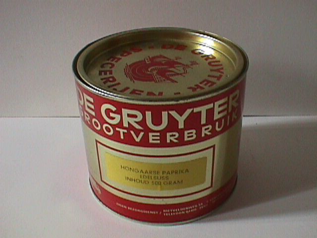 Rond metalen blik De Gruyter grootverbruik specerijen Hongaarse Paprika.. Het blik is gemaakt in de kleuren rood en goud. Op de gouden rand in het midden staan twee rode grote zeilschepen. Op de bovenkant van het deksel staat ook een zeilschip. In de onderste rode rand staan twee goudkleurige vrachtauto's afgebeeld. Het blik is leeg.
---
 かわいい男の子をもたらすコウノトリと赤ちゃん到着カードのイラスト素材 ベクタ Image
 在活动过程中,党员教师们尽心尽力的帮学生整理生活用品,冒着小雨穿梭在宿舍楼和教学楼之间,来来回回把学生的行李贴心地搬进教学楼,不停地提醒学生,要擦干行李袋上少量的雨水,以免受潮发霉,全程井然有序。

▸ Task instructions: Set down, unchanged, only those lines above that fall between the line with "かわいい男の子をもたらすコウノトリと赤ちゃん到着カードのイラスト素材 ベクタ Image" and the line with "在活动过程中,党员教师们尽心", the two end lines included.

▸ Result for this task:
 かわいい男の子をもたらすコウノトリと赤ちゃん到着カードのイラスト素材 ベクタ Image
 在活动过程中,党员教师们尽心尽力的帮学生整理生活用品,冒着小雨穿梭在宿舍楼和教学楼之间,来来回回把学生的行李贴心地搬进教学楼,不停地提醒学生,要擦干行李袋上少量的雨水,以免受潮发霉,全程井然有序。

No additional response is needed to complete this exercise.